Pipeline for STB Annotation Steps 1-7 (figure 2):

Annotation Pipeline
Figure 2:Illustration of Pipeline for annotation

Step 1: Identifying STB sequences-

 Every genome was processed using the web server application BAGEL4 to identify STB bacteriocin sequences. Amino Acid (AA) STB sequences and immunity proteins were identified via BAGEL4 and will be extracted and saved in Genious Prime and on the 2 TB hard drive. Next, each genome is blasted against a list of model and previously extracted catalytic domains and immunity proteins using the Genious Prime NCBI BLAST plug in to BLAST against each STB sequence. Settings are adjusted to retrieve sequences that are 50% or more identical for the catalytic domain, and 30% or more identical with the immunity protein to confirm BAGEL4 results and to identify STBs not detected by BAGEL4 (a common problem that occurs with some genomes that were previously annotated before deposited in NCBI). Each STB match is then extracted and stored into Genious prime and on the 2TB hard drive. Due to the prior research done by Martin Ghequire’s lab (Ghequire & De Mot, 2014) (Ghequire & Öztürk, 2018) (Ghequire, Swings, Michiels, Buchanan, & De Mot, 2018), STBs that are identified as PaeM (in BAGEL4) and/or extracted with the Genious Prime NCBI BLAST plug in that are 70% identical with the catalytic domain sequences listed as M will be identified as syringacin M and will be considered well characterized.  All the other sequences that are extracted will continue to be processed for STB characterization and naming.

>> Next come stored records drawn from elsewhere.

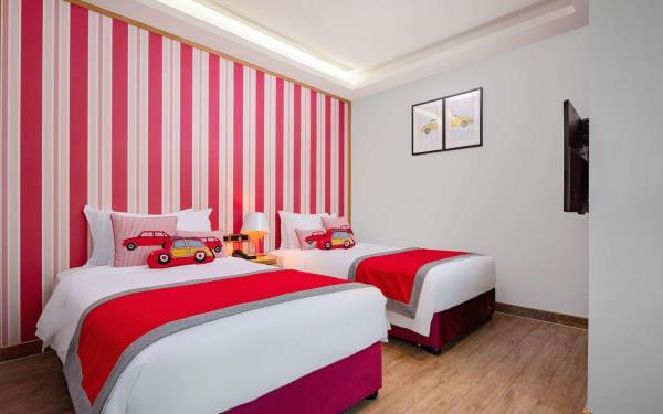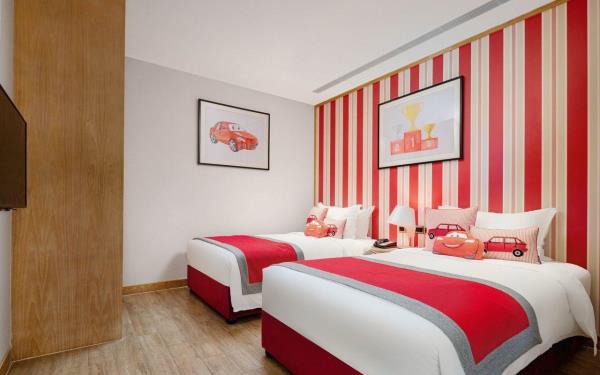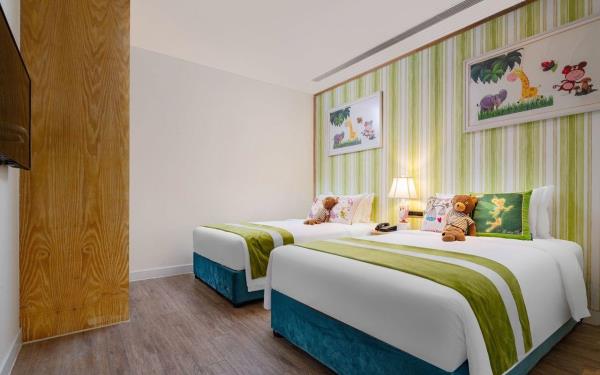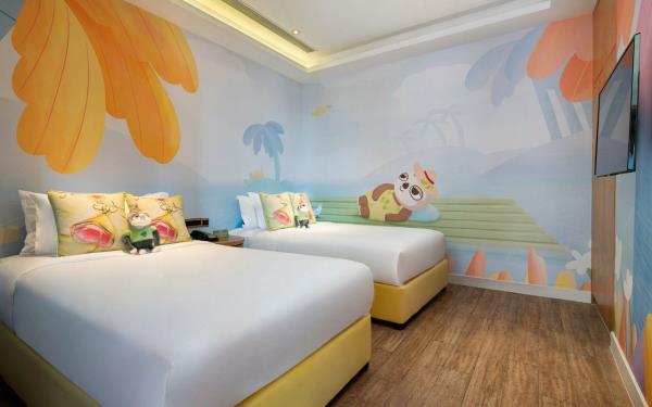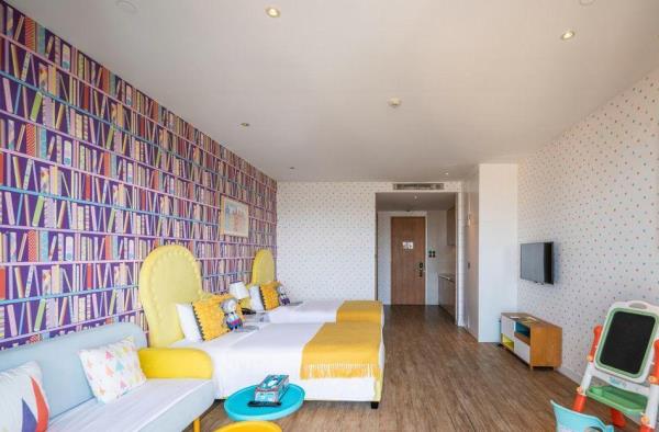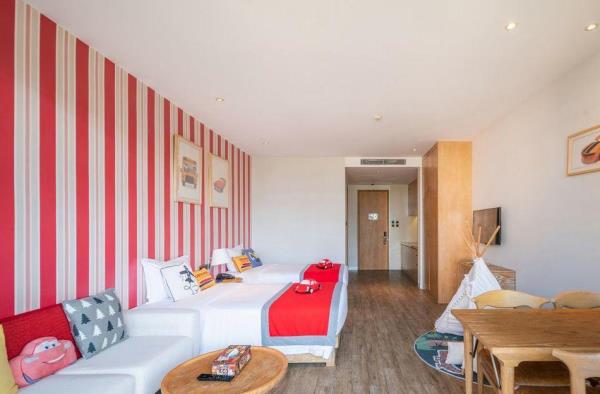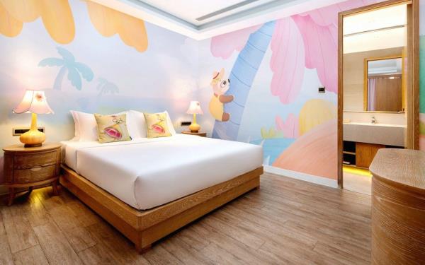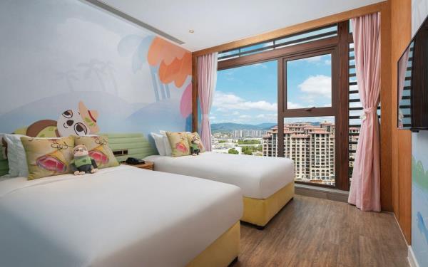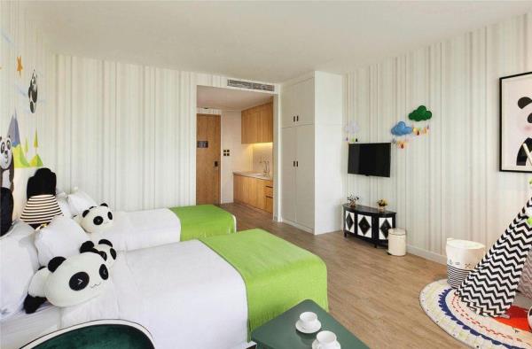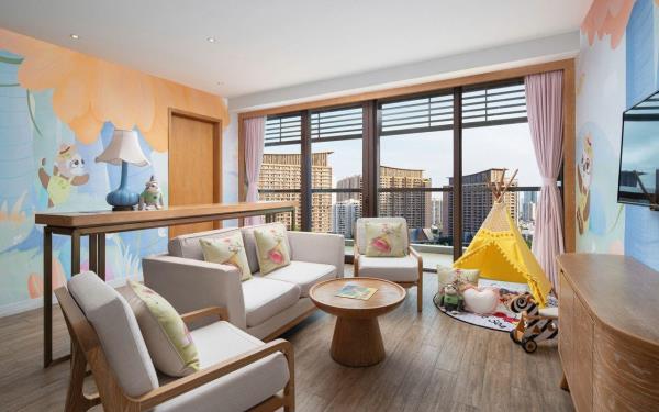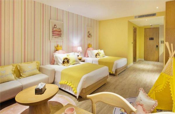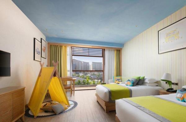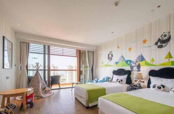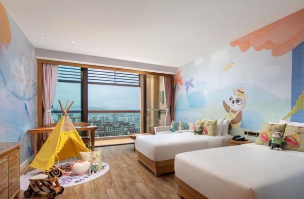 三亚湾红树林度假世界位于三亚市中心城区,距离三亚凤凰国际机场约15分钟车程,距离三亚动车站约5分钟车程。三亚湾红树林度假世界将时尚、艺术、休闲、娱乐、购物等元素融入星级度假综合体,引领全新的度假生活方式。度假世界毗邻享有“椰梦长廊”美誉的三亚湾,拥有6座定位鲜明的度假酒店(木棉酒店A/B、菩提酒店、皇后棕酒店、大王棕酒店、棕榈王国亲子主题酒店、椰林酒店),3718间/套客房,几十家主题餐厅,其中红树林招牌泰餐厅,红树林烤鸭是来三亚必打卡的点评推荐宝藏餐厅,3.3万平方米亚马逊丛林水乐园,4800平方米的今日X书屋定期组织红树林AI艺术课程手把手教您玩转AI制图,5000平方米儿童探险王国,三亚湾红树林宝岛美食街-觅街,1+X红树林影城,今日艺术汇,电影工坊,陶艺吧,红树林奥特莱斯,以及多家全球快时尚品牌及网红品牌入驻的15万平方米的红树林商街。三亚湾红树林层次丰富的度假生活氛围,满足不同年龄层的吃住游购娱需求。其中,棕榈王国是三亚湾红树林度假世界里的亲子主题酒店,亚马逊丛林水乐园,探险王国均近在咫尺。酒店拥有各类豪华客房,分为双床标准间、双卧室套房和三卧室套房,面积56㎡ -106㎡。客房分为棕榈仙子、魔法小画家、熊猫侠、赛车手、小公主、阿懒等6大主题房型。房间里的家具、布艺、寝具、墙绘、装饰品以及系列儿童用品等,均按照6大主题风格设计定制。所有房间采用国际认证的环保材料精心打造,让孩子们置身于安全舒适的童话奇幻世界。客房内均设置了亲子客厅和游戏区域,为小朋友们提供更多的娱乐空间,让全家享受亲子度假的天伦之乐!
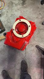 Moteur tout nettoyé, goujons cassés extraits, tout repeint et remonté sur la boite. Joint papier neuf évidemment comme tous les autres, vive la découpe laser! Il n'y a pas de joint spi sur l'arbre moteur, l'huile est libre de passer autour, après un deflecteur la redirige vers la périphérie du carter pour ne pas qu'elle aille dans le moteur itself, puis elle retombe par gravité dans la boite via une lumière visible en bas.
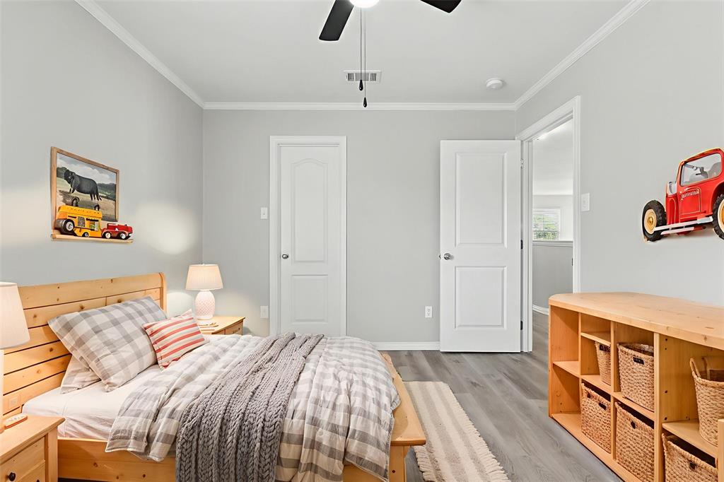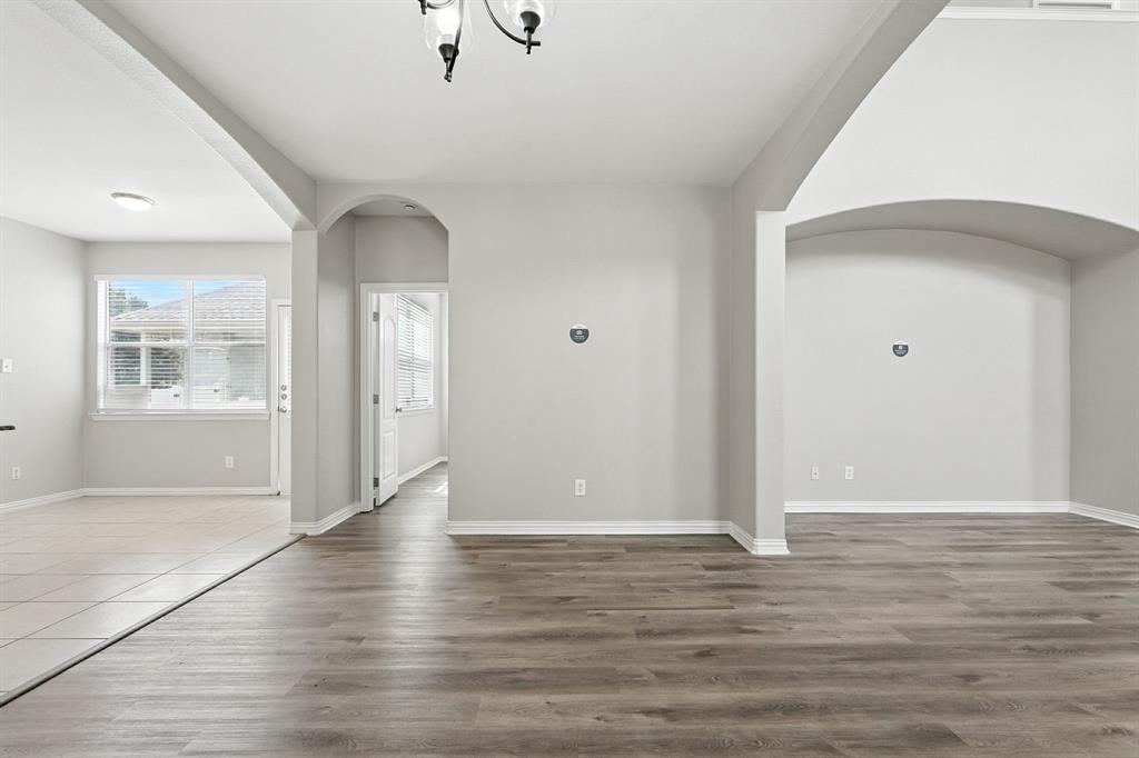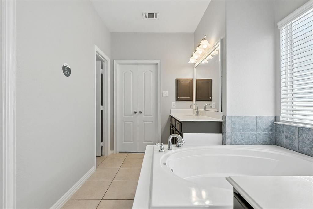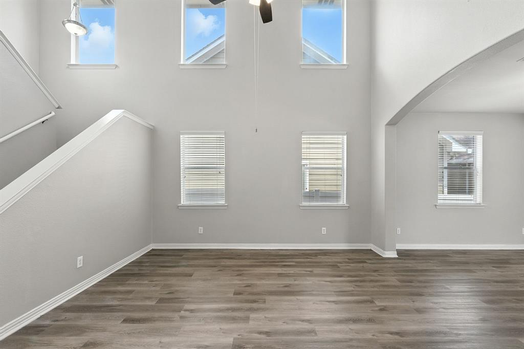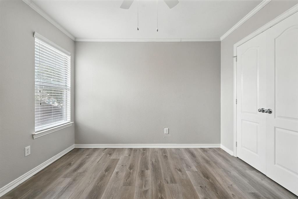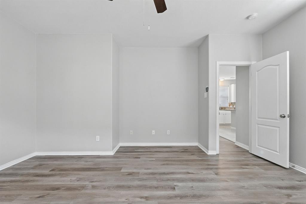 Upstairs, a generously sized primary suite includes a dual-sink vanity, soaking tub, separate shower, and walk-in closet. Additional bedrooms offer flexibility for guests, home office, or hobby space. A second living area upstairs can serve as a game room or cozy retreat. Enjoy morning coffee or weekend grilling on the covered patio, overlooking a backyard with room to run or relax.

Step 2: Identify receptor binding, translocation, catalytic/killing, and immunity protein domains-

Every sequence will be annotated using the Genious plug in for Interpro scan to identify any conserved protein domains, disordered regions, and coiled coils. Receptor binding domain sequences will be identified starting from the first amino acid through the coiled coil region (the coiled coil region is a well-documented characteristic for receptor and/or translocator binding both at the beginning and at the end of a receptor binding domain) or it will be identified by the start of an identified conserved domain translocation region if interproscan was unable to identify a coiled coil region 100AA+ into the sequence. Translocation domain is identified by the identification of a conserved translocation domain region via interproscan or will start where the receptor binding domain ends and end at the start of the catalytic domain. Catalytic domain is identified by conserved protein domains found by interproscan or will start at the end of an identified translocation domain and the end of the bacteriocin sequence. Immunity proteins are identified by BAGEL 4 and NCBI BLAST when identifying STB sequences in the previous step.

Step 3: Identify putative DPY motifs, tolB boxes, and TonB boxes-

DPY motif: The DPY motif was identified by using the Genious Prime “find motif” function with the input D[X5]P[X8-X9]Y against each uncharacterized sequence. DPY motifs found in ecoli are D[X5]P[X8]Y and were described by Sharp et al., 2017. However, after reviewing STBs of in P. syringae STBs, I found they occasionally have an extra AA between P and Y and adjusted the motif to reflect that observation. The motifs were described by Sharp et al (2017).  

TolB box: TolB boxes were identified using the Genious prime “find motif” function with the inputs DGTXWSSE and G[X4]GW[X6]W based on motifs described in Zhang et. Al, 2009.

TonB box: Multiple sequence alignments were made using Blosum62 global alignment of the first 60 amino acid bacteriocin sequences in geneious and the model TonB sequences. Putative TonB boxes identified will be identified as the 10AA sequence that is identified by overlapping sections of the alignment. 

Step 4: Make ML phylogenies with each catalytic, translocation, and immunity protein domain and identify clades that share atleast 70% homology-

Multiple sequence alignments will be made using Blosum62 global alignment of amino acid sequences in geneious. Phlogenetic trees will be constructed using PhyMLwith a Le Gascuel substitution model, and branch support calculated with 1000 bootstrap replicates, optimizing for topology, length, and rate. Clades where all members are 70% or more identical will be considered as one individual domain and given a temporary clade identification number (CIN) starting with a letter that corresponds to domain type for naming and architecture identification. (e.g. C4 = catalytic domain clade 4, T2 = Translocation Domain clade 2). Preliminary data for this step can be viewed in Preliminary figure 2 and 3 on pages 20 and 21.

Step 5: Identify domain architecture, arrangement of domains, of each sequence-

Domain architecture or the arrangement of the domains for each bacteriocin is identified by recording the CINs for each of the receptor binding, translocation, and catalytic domains. (e.g. R2, T1, C4).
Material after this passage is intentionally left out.